After 20 years of waging war in Afghanistan, the United States and its allies (including Australia) have withdrawn from the field – leaving the Taliban back in power.

The temptation is to label this outcome a resounding defeat. But how does one judge in such matters? Perhaps the Taliban of 2021 has learned, over the past 20 years, how to be better governors of Afghanistan – at least better than they were in the period leading up to 2001; and better than the series of governments that have muddled along in the interim. Perhaps the quality of the peace that will now prevail in Afghanistan will be better than that which would have otherwise existed if no war had been fought. If so, then the loss may not be as great as first thought.

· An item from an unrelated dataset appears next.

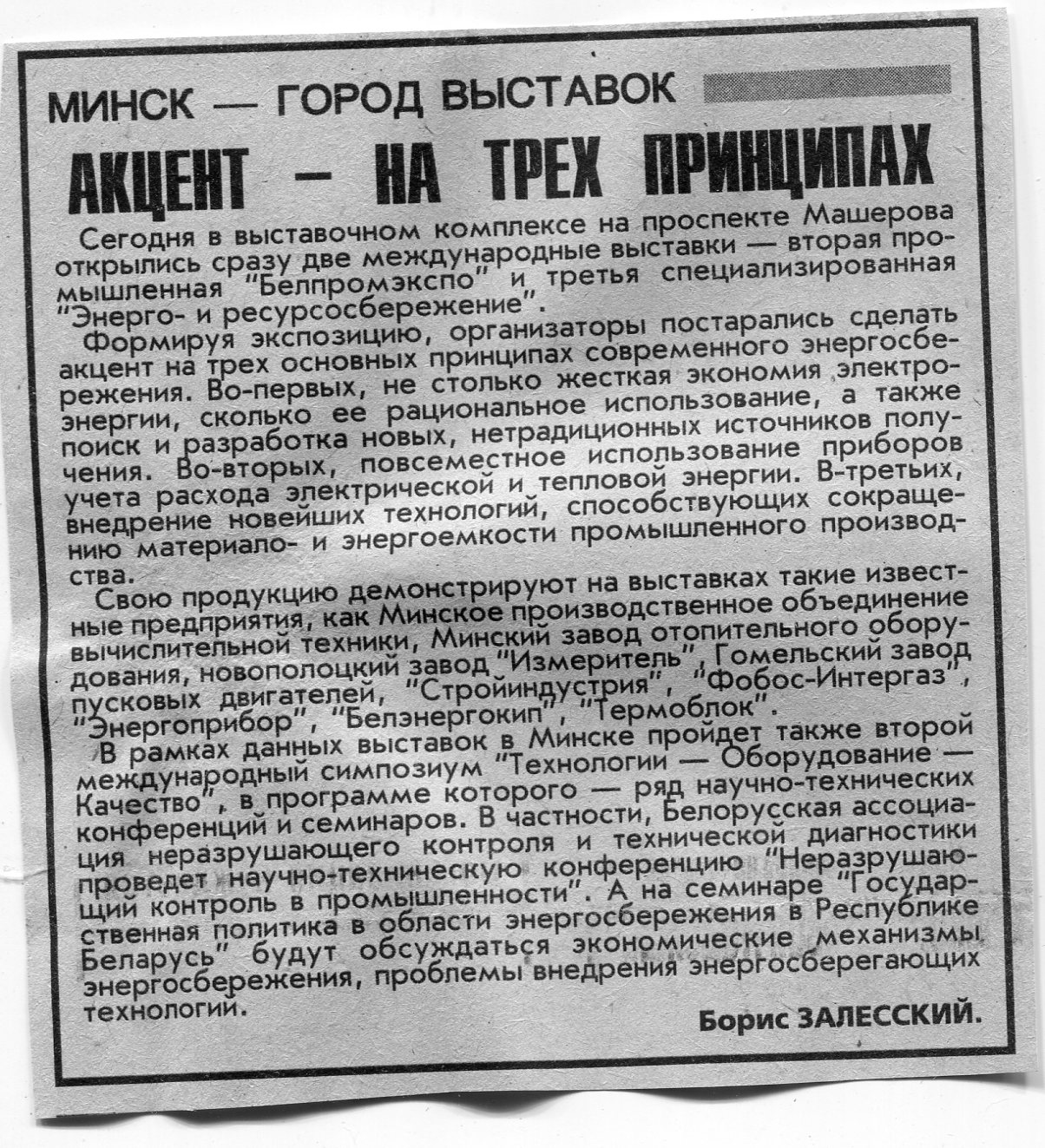 Залесский, Б. Акцент - на трех принципах / Б. Залесский // Вечерний Минск. - 1999. - 25 мая.

Countries like Australia will need to act on their obligation to stay the course and help the Afghan people as best as they can.

Yet, if this possibility is ever to amount to something more than a feeble dream, then those who fought war need to do more than ‘hope for the best’. Rather, countries like Australia will need to act on their obligation to stay the course and help the Afghan people as best as they can.

Some might challenge the idea that Australia is bound by any obligation to the Afghans. After all, it might be said, have we not already invested a small fortune in treasure? Have we not already sent our sons and daughters to shed blood and to die under the Afghan sun?

My answer begins with the simple truth that, for the most part, we found ourselves expending blood and treasure for our own benefit – and not, primarily, for the good of Afghanistan. Much as we might be comforted by the rhetoric of ‘noble causes’ and ‘high ideals’, when it comes to the realpolitik of statecraft, our politicians send our forces into harm’s way in service of what they plainly believe to be the national interest. As has so often been the case, we went to war to support our most important ally, the United States of America. We went to war so that we could sleep more soundly in our beds – by blunting the edge of terrorism. So, our arrival in Afghanistan (and all that followed) was not driven by an overarching desire to improve the lives of Afghans.

Of course, we also aimed to do some good – and indeed we did. Many Afghans have led better lives due to Australia’s investment in aid and development. Indeed, I have first-hand knowledge of the efforts we have gone to in helping to improve, say, the circumstances of women and girls in Afghanistan. The good we did is real. However, let’s not pretend that it was the product of altruism alone.

I have made much of the self-interest of nations because I think it is key to our understanding the ethical obligation that still binds the Australian government – despite our withdrawal.

As we know, thousands of Afghans rallied to our cause. They served as locally engaged staff in our embassy. They worked as interpreters – both in civilian and military settings. They were our partners in aid and development projects. All of these people directly enabled Australia to realise – as far as possible – its strategic objectives. They did so at considerable personal risk – openly assisting a self-declared enemy of the Taliban (and even more extreme groups like ISIS-K). This risk was exacerbated by the work they did – on our behalf – not just in areas of conflict. For example, what would a hardline opponent to women’s empowerment think of those who have worked tirelessly to achieve that outcome? Surely, those who worked to help women now have a target on their back!

It’s not just specific individuals we need to think of. Large numbers of apparently unconnected Afghans have borne the brunt of 20 years of war waged for our benefit. They were the ones maimed and killed – whether as ‘collateral damage’ or as the intended victims of fundamentalists bent on dominating and pacifying through terror.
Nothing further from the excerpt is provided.